Considering the foregoing, in addition to the arguments made in the last paragraph, it seems to me that an appeal by the US to subparagraph (b)(iii) as a justification for the ASML export controls is unlikely to succeed. This leaves subparagraph (b)(ii), relating to “supplying a military establishment” – a rarely talked about or invoked provision. Although it is unclear if the US will rely on this provision in the dispute regarding semiconductor export controls launched with the DSB by China, the chances of the Panel going along with such an argument appear slim, given the generally narrow approach towards interpreting Article XXI sketched above. The danger of allowing a broad interpretation of subparagraph (b)(ii) is obviously that the phrase “traffic … carried on … indirectly for the purpose of supplying a military establishment” could be taken to include any trade in goods if one tried hard, thus nullifying the limiting function of the clause (I suffice by referring to an extensive discussion by Ikeda).

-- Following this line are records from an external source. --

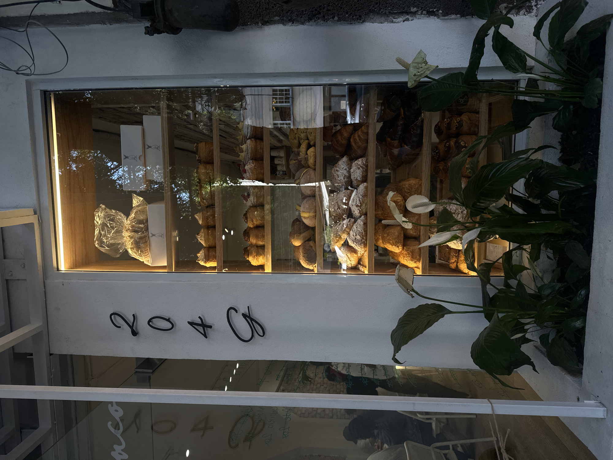 A bakery storefront in Mexico City, Mexico, displays an array of baked goods, including croissants and bread, behind a glass window. The address "204 C" is affixed to the front. A potted plant with white flowers adorns the side of the storefront. Reflections are visible on the glass, indicating the presence of people and the surrounding environment.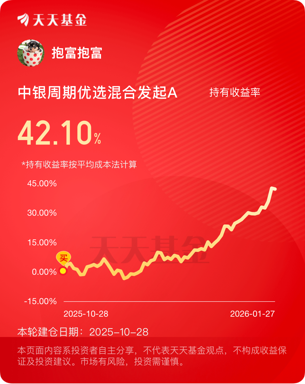 创新药我是不会放弃的,大家也都看过弹性了,继续拿住就可以了,他家的中银周期优选就很不错,也配置了,鸡蛋不能都放一个篮子,分散点投资!#晒收益#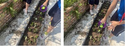 同学们拿着小喷壶,轻柔地为每一株草莓苗浇上定根水,晶莹的水珠在阳光下闪烁,仿佛也在为这些新生命的到来欢呼。

A Strategic Response is Needed

In conclusion, where Nguyen questions the legality of the US’s extraterritorial export controls regarding ASML equipment, I would go as far as to say that they are clearly an overreach beyond the permissible boundaries of international law. The question remains: how should the Netherlands respond? The Dutch government, while calling for a more European approach, has so far not opposed the measures, even though experts as well as lawmakers in the Netherlands and the EU have strongly expressed their criticism of the US’s unilateral actions. Critics decry the detrimental effects of US jurisdictional overreach on Dutch sovereignty, core economic interests, and the reputation of the Netherlands as a reliable trading partner.

Elsewhere I have argued that, as the Netherlands gets increasingly caught up in Great Power competition between the US and China due to its critical position in the global semiconductor supply chain, the Dutch government should be more assertive in defending its core economic interests. The Netherlands and the EU are not without legislative teeth to defend trade interests and strategic autonomy and could consider – apart from voicing objections to Washington – putting into action the new EU Anti Coercion Instrument (ACI), dusting off the EU Blocking Statute, and/or launching a complaint with the WTO DSB. While there are drawbacks to these options (as e.g. Nguyen succinctly points out), acquiescing in the US’s flouting of the rules of liberal trade would likely come at an even higher cost for the Netherlands in the long run.